To generate a localized alkaline microenvironment, a series of borosilicates were fabricated and their interfacial H+ distributions were monitored spatiotemporally by employing noninvasive microtest technology. By correlating interfacial H+ distribution with osteoclast “switch on/off” behavior, the microenvironment boundary of the tested material was found to be 400 ± 50 μm, which is broader than the generally accepted value, 300 μm.
Furthermore, osteoporotic mice implanted with materials with higher interfacial pH values and boarder effective ranges had lower osteoclast activities and a thicker new bone.

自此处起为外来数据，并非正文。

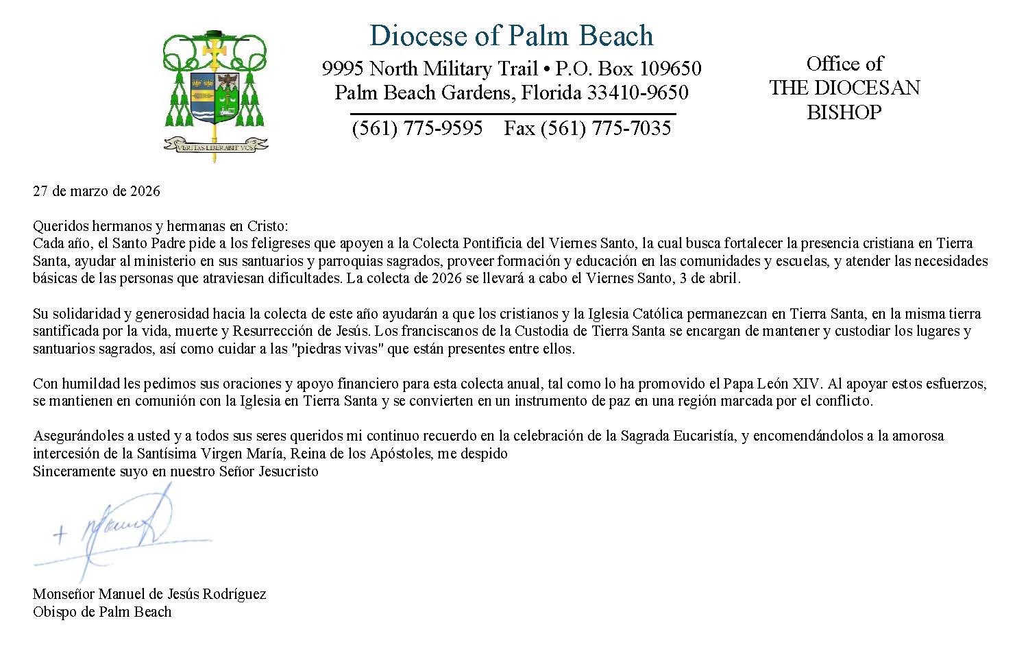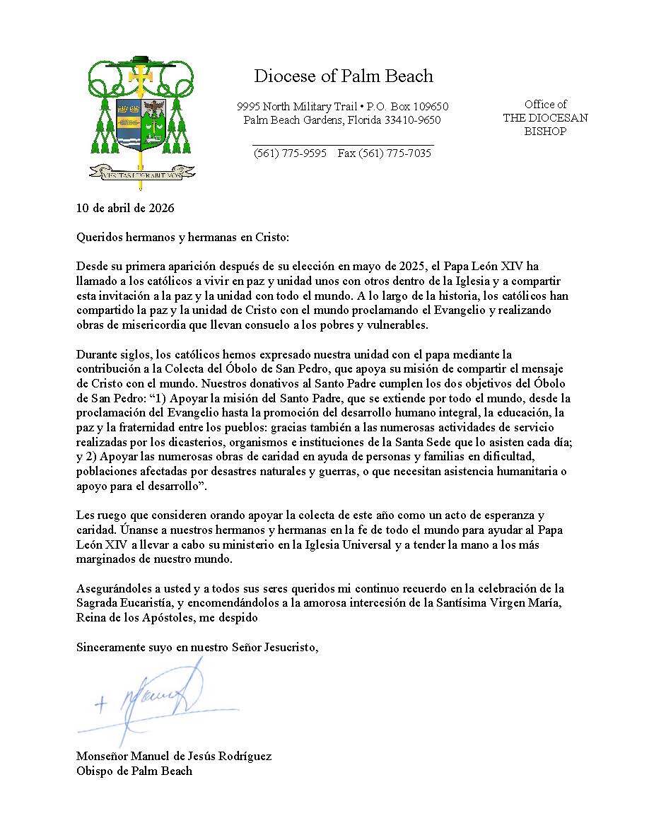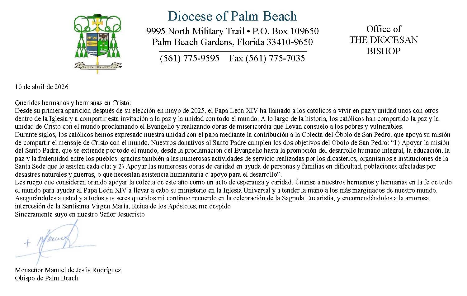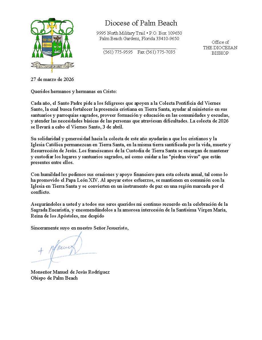 Below are the letters required to be published as a full page or half page in parish bulletins the weekend before the collection occurs. These letters are from the Bishop and the branding standards of the letter should be followed. The letter may also be read aloud, in addition to it being printed in the bulletin and shared on your parish’s social media and/or website. If you have questions about the letters, please contact the diocesan Director of Communications and Development (Jennifer Trefelner). If you have questions about reporting and submitting collection funds, please contact the diocesan Finance Office.
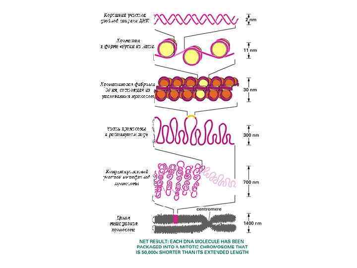Хромосомный уровень Вступление клетки из интерфазы в митоз сопровождается суперкомпактизацией хроматина. Отдельные хромосомы становятся хорошо различимы. Этот процесс начинается в профазе, достигая своего максимального выражения в метафазе митоза и анафазе. В телофазе митоза происходит декомпактизация вещества хромосом, которое приобретает структуру интерфазного хроматина. Митотическая суперкомпактизация облегчает распределение хромосом к полюсам митотического веретена в анафазе митоза. Толщина плеча хромосомы – 700 нм. Укорочение ДНП еще в 20 раз.
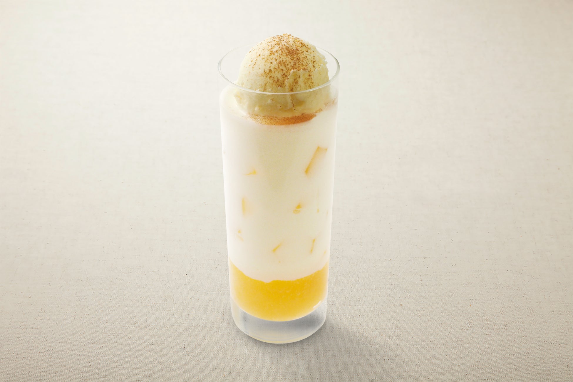 りんごソースに牛乳を注ぎ、バニラアイスにシナモンを振りかけた、りんごのシャキシャキ感がいいアクセントに!
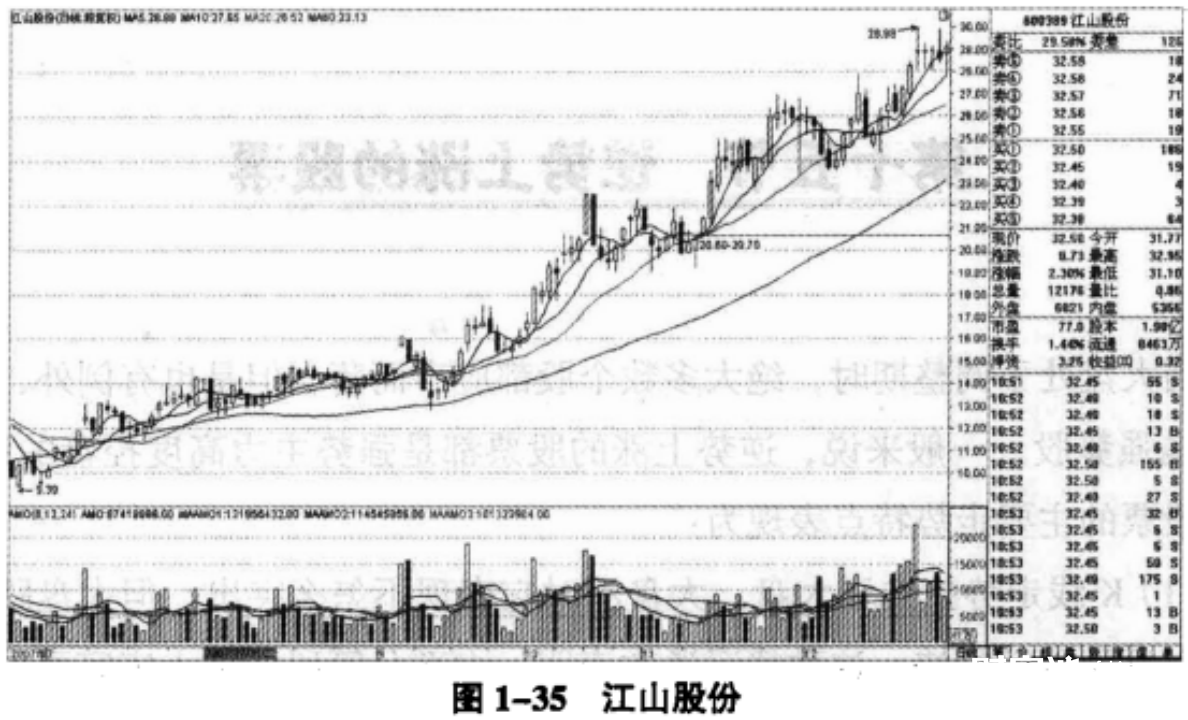 江山股份在2007年6月份前表现一般,也没有人太注意,主力大约在这个时间已经完成建仓工作。之后,用3个月完成了震荡洗盘,接着开始了拉升。就在10月份,大盘发生了逆转,调整幅度达到20%以上。但是,该股却没有受到任何影响,依然我行我素地上涨。
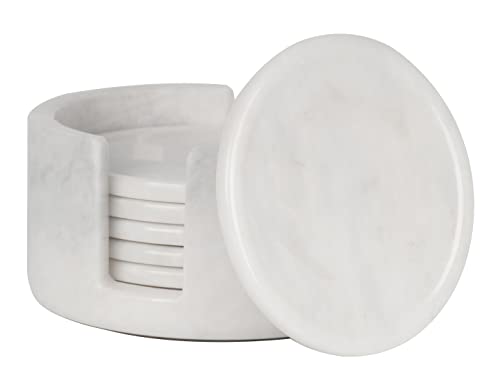 Radicaln marmor underlägg set rund 8,9 cm Verona handgjorda marmorunderlägg för hem och kök, dryckesunderlägg set med 6 med hållare, perfekta underlägg för dryck

To conclude, effective proton microenvironment boundaries of degradable biomaterials were depicted and a weak alkaline microenvironment was shown to promote regeneration of osteoporotic bones possibly by suppressing abnormal activated osteoclasts.
中文摘要(谷歌机翻)
人们普遍认为,可生物降解的材料会极大地影响细胞所在的附近微环境。然而,由于技术瓶颈,很少讨论界面性质的范围。
这项研究旨在通过将界面H+分布与周围细胞行为相关联来描绘生物材料微环境的边界。使用与废品相关的骨质疏松小鼠模型,我们确认了在相对碱性条件下可以抑制异常活化的破骨细胞。当在pH值高于7.8的滴定材料提取物中培养时,破骨细胞的分化和磷灰石吸收能力被“关闭”。
为了产生局部的碱性微环境,制造了一系列的硼硅酸盐,并采用无创微测试技术对它们的界面H+分布进行了时空监测。通过将界面H+分布与破骨细胞的“开/关”行为相关联,发现被测材料的微环境边界为400±50μm,比公认的值300μm宽。
此外,植入具有较高界面pH值和边界有效范围的材料的骨质疏松小鼠的破骨细胞活性较低,新骨较厚。
总而言之,描绘了可降解生物材料的有效质子微环境边界,并显示了弱碱性微环境可能通过抑制异常活化的破骨细胞来促进骨质疏松骨骼的再生。